Kolomyika [kolomyjka]. The most popular form of Ukrainian folk ditty. It consists usually of two rhyming lines with a set rhythmic pattern: a 14-syllable line with feminine ending and a caesura after the eighth syllable (4 + 4 + 6). Kolomyiky are widespread throughout Ukraine. The Carpathian Hutsul region, however, is considered their epicenter, and the name is believed to be derived from the Hutsul city of Kolomyia.

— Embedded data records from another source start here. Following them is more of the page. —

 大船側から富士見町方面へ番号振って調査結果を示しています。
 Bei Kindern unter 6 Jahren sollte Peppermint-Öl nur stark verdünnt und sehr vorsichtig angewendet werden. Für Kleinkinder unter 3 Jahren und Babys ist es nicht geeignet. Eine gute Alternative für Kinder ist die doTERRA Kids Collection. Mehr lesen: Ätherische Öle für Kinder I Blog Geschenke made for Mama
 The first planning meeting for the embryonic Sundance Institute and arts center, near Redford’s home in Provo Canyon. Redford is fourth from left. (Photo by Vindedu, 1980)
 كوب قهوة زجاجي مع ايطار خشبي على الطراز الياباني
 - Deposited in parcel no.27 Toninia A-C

Tens of thousands kolomyiky have been transcribed and published. The oldest transcriptions are in 16th-century compilations of songs for the lute. The oldest written text—‘Chy ia tobi nemovyla, ne bery voloshky’ (‘Didn't I Tell You, Don't Take a Wallachian Girl’)—is found in a 1659 Polish letter from M. Zamoyska to King Jan III Sobieski. Thousands of kolomyiky were written down and studied in the 19th century by Ukrainian and Polish ethnographers (Zorian Dołęga-Chodakowski, Platon Lukashevych, Pavlo Chubynsky, Yakiv Holovatsky, Volodymyr Shukhevych, and others). The largest number (8,622) is in Volodymyr Hnatiuk's Kolomyiky (3 vols, 1905–7). N. Shumada and Z. Vasylenko's Kolomyiky (1969) contains 4,814 texts and 452 melodies.

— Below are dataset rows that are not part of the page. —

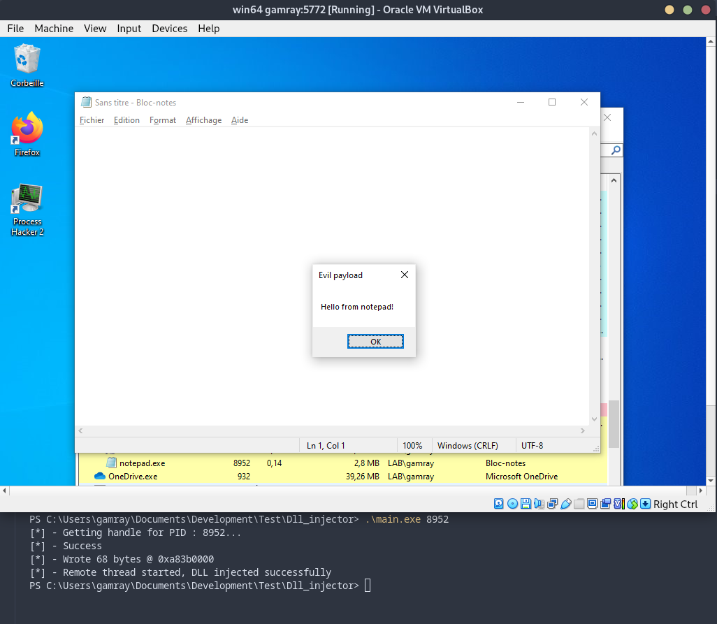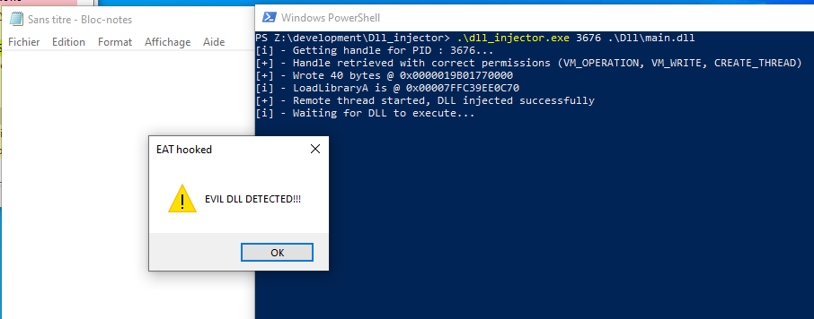 And… it’s a success, the dll injector made notepad execute our own LoadLibraryA and can’t inject the evil dll ! ๐ฅณ
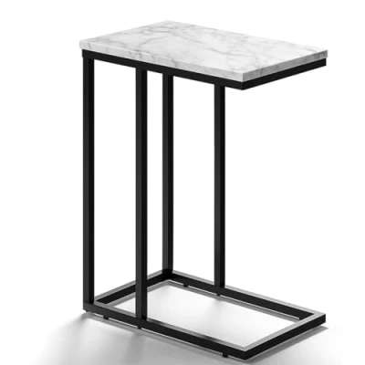 SG Traders C Shaped Side Table Coffee End Under Sofa Living Room Snack Laptop Holder Stable Metal Frame for Bedroom Office Bed Easy to assemble (White Marbel)
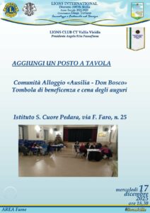 Mercoledì scorso tombolata e cena degli auguri con i ragazzi ospiti dell’Istituto sacro Cuore di Pedara (CT) per i soci del Lions club Catania Vallis Viridis (presidente Rita Passafiume), affiancati dai ragazzi della Comunità alloggio “Ausilia-Don Bosco”. Per tutti premi e regalini e tanta allegria e spensieratezza, in una atmosfera di solidarietà che ha “condito” la serata. Presente tra gli altri anche il GST distrettuale Lions Salvo Furnari. #lionssicilia #pedara
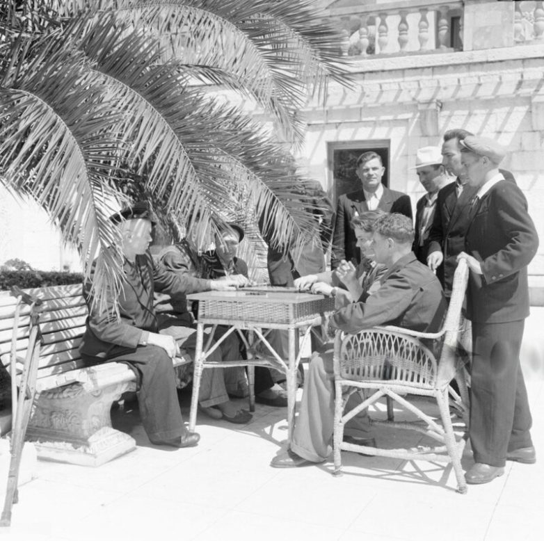 Отдыхающие играют в домино в тени пальмы на набережной Сочи на побережье Черного моря
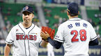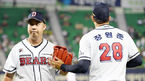 [OSEN=잠실, 이동해 기자] 5일 오후 서울 잠실야구장에서 열린 '2018 신한은행 MYCAR KBO리그' 두산 베어스와 KIA 타이거즈의 경기, 7회초 1사 만루 위기 상황 두산 유희관이 강판되며 장원준과 하이파이브 하고 있다. 장원준 등판. / east
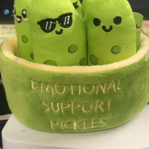 I absolutely love my emotional support pickle plush. It’s cute, silly, and surprisingly comforting. When I’m stressed, I squeeze it and it genuinely makes me smile. Such a small little joy every day!
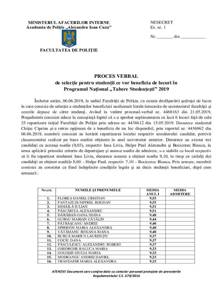 Academia de Poliie Alexandru Loan CuzaNESECRET
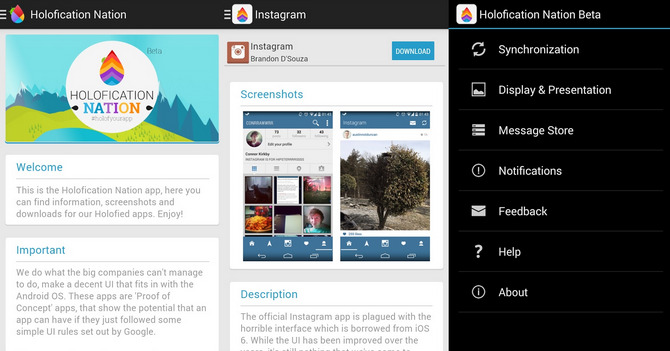 Una buena manera de reunir todas las Apps de Holofication en un sólo lugar, entre las que están Grooveshark, CNN, Steam, Instagram y Snapchat, y evitar tener que visitar su web y los foros para estar informado. La aplicación es gratuita desde Google Play, aunque los desarrolladores aceptan donaciones para apoyar el proyecto.
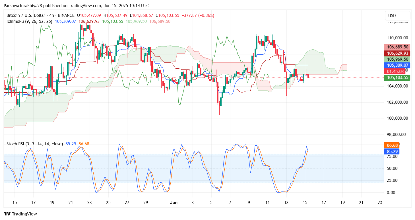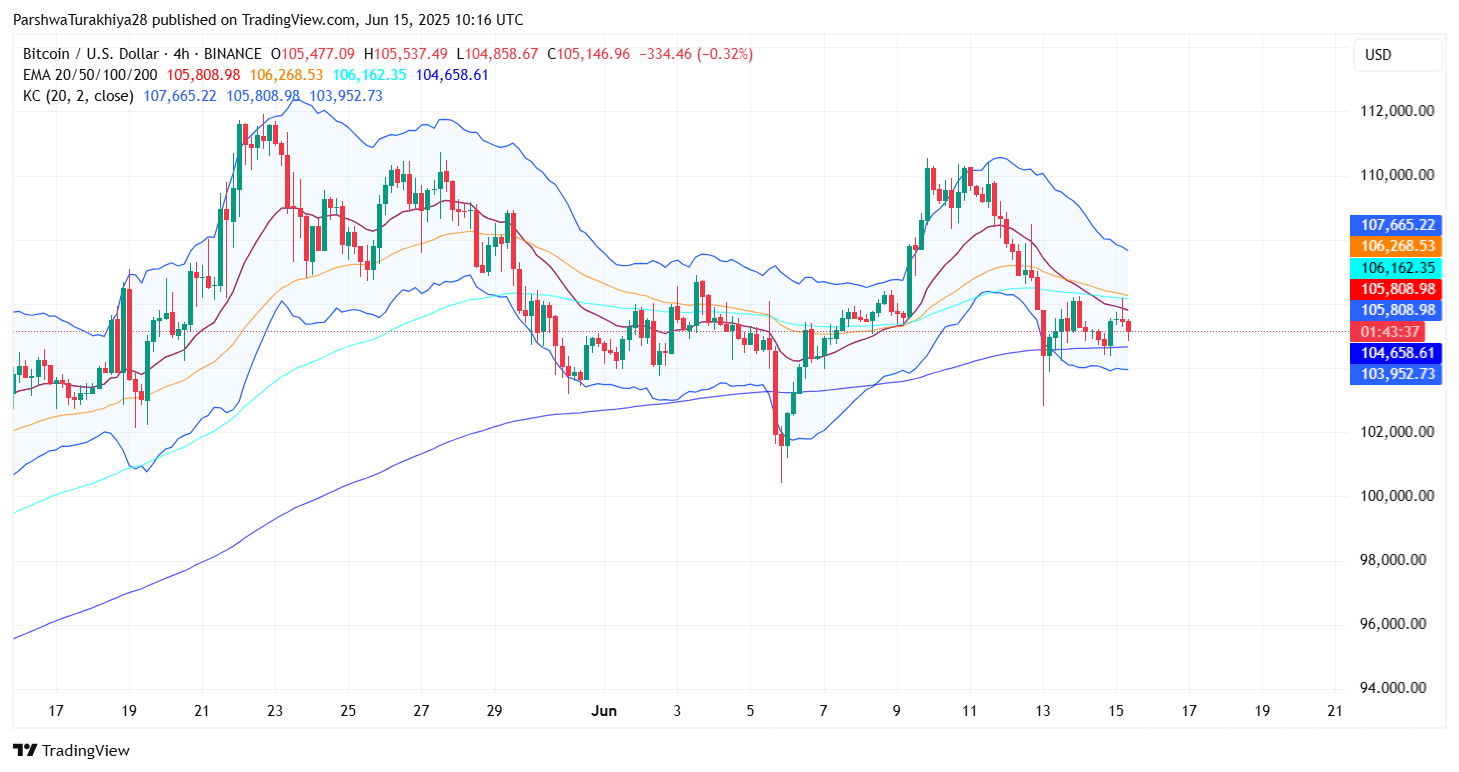 BTC continues to struggle below a critical confluence zone formed by the 20/50/100 EMA band and the Keltner Channel midline on the 4-hour timeframe. The Bitcoin price action faces supply between $105,800 and $106,300, which also aligns with the flat Tenkan-Sen and Kijun-Sen from the Ichimoku Cloud.
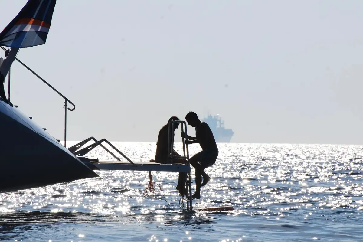 In high-performance mode you are guaranteed a thrilling ride, especially when the conditions are right to fly her enormous white gennaker from the masthead and she slices through the sea at powerboat speed with a smooth, comfortable motion. On passage between one destination and the next, there’s no noise and vibration from a diesel engine and no exhaust fumes, just the gentle hiss of her bow parting the waves and the wind in her sails as you relax in one of the plush and spacious passenger cockpits – inside with an all-round view or outside with the breeze in your hair.
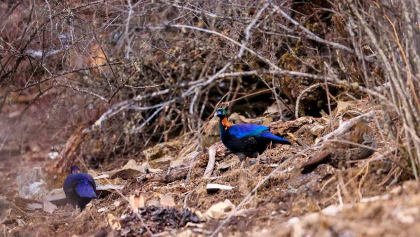 “它們在那里待了有一個小時左右,后來太陽出來,它們又飛到對面的山上去了?!敝烊纬f,當時,十余只綠尾虹雉離開時,從我們頭上飛過,它們的翅膀劃破空氣聲都聽得清清楚楚,非常激動。

Kolomyiky treat literally every facet of everyday folk life, both familial and social, in a humorous fashion. Kolomyiky were one of the few folk-song genres improvised in Soviet Ukraine. These versions, however, while also heavily propagandistic, were often similar to the Russian chastushka and were studied in the Soviet Union with the latter as one genre, downplaying the uniquely Ukrainian character of the kolomyiky.